В одном из таких номеров, в номере пятом, останавливался в 1911 году знаменитый писатель Леонид Андреев. Все геркулесовцы это знали, и номер пятый почему-то пользовался в учреждении дурной славой. Со всеми ответственными работниками, устраивавшими здесь свой кабинет, обязательно приключалась какая-нибудь беда. Не успевал номер пятый как следует войти в курс дела, как его уже снимали и бросали на иную работу. Хорошо еще, если без выговора. А то бывало и с выговором, бывало с опубликованием в печати, бывало и хуже, о чем даже упоминать неприятно.
— Демонский номер, — в один голос утверждали потерпевшие. — Ну кто мог подозревать?
И на голову писателя, автора страшного «Рассказа о семи повешенных», падали ужаснейшие обвинения, будто бы именно он повинен в том, что т. Лапшин принял на службу шестерых родных братьев-богатырей, что т. Справченко в заготовке древесной коры понадеялся на самотек, чем эти заготовки и провалил, и что т. Индокитайский проиграл в польский банчок 7384 рубля 03 коп. казенных денег. Как Индокитайский ни вертелся, как ни доказывал в соответствующих инстанциях, что 03 коп. он израсходовал на пользу государства и что он может представить на указанную сумму оправдательные документы, ничто ему не помогло. Тень покойного писателя была неумолима, и осенним вечером Индокитайского повели на отсидку. Действительно, нехороший был этот номер пятый.
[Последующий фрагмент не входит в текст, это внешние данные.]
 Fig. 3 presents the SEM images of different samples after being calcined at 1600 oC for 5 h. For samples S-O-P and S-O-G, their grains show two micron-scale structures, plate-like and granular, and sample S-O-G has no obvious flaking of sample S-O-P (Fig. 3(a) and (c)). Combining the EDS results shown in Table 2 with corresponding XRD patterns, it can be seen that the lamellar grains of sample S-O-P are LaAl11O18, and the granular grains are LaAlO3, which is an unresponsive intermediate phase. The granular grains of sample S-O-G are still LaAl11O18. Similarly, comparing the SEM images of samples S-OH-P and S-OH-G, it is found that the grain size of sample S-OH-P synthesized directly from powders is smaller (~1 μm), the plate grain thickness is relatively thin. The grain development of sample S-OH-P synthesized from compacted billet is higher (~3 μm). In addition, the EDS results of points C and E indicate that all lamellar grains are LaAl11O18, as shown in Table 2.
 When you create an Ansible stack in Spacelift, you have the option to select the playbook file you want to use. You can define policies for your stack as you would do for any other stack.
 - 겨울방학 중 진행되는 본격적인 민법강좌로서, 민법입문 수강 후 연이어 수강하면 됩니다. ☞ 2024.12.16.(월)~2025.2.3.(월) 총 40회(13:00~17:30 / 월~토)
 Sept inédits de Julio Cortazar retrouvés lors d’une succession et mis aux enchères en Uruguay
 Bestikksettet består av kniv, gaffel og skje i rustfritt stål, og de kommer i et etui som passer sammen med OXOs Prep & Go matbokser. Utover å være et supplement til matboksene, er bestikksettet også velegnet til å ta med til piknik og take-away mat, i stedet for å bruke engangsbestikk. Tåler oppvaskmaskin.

Начальник всего «Геркулеса» т. Полыхаев помещался в бывшем зимнем саду, секретарша его Серна Михайловна то, и дело мелькала среди уцелевших пальм и сикомор. Там же стоял длинный, как вокзальный перрон, стол, покрытый малиновым сукном, за которым происходили частые и длительные заседания правления. А с недавнего времени в комнате э 262, где некогда помещалась малая буфетная, засела комиссия по чистке в числе восьми ничем не выдающихся с виду товарищей с серенькими глазами. Приходили они аккуратно каждый день и все читали какие-то служебные бумаженции.
Когда Остап и Балаганов поднимались по лестнице, раздался тревожный звонок, и сразу же из всех комнат выскочили служащие. Стремительность этого маневра напоминала корабельный аврал. Однако это был не аврал, а перерыв для завтрака. Иные из служащих поспешили в буфет, чтобы успеть захватить бутерброды с красной икрой. Иные же делали променад в коридорах, закусывая на ходу.
Из планового отдела вышел служащий благороднейшей наружности. Молодая круглая борода висела на его бледном ласковом лице. В руке он держал холодную котлету, которую то и дело подносил ко рту, каждый раз ее внимательно оглядев.
В этом занятии служащему чуть не помешал Балаганов, желавший узнать, на каком этаже находится финсчетный отдел.
— Разве вы не видите, товарищ, что я закусываю? — сказал служащий, с негодованием отвернувшись от Балаганова.
И, не обращая больше внимания на молочных братьев, он погрузился в разглядывание последнего кусочка котлеты. Осмотрев его со всех сторон самым тщательным образом и даже понюхав на прощанье, служащий отправил его в рот, выпятил грудь, сбросил с пиджака крошки и медленно подошел к другому служащему, стоявшему у дверей своего отдела.
— Ну что, — спросил он, оглянувшись, — как самочувствие?
— Лучше б не спрашивали, товарищ Бомзе, — ответил тот и, тоже оглянувшись, добавил: — Разве это жизнь? Нет никакого простора индивидуальности. Все одно и то же, пятилетка в четыре года, пятилетка в три года.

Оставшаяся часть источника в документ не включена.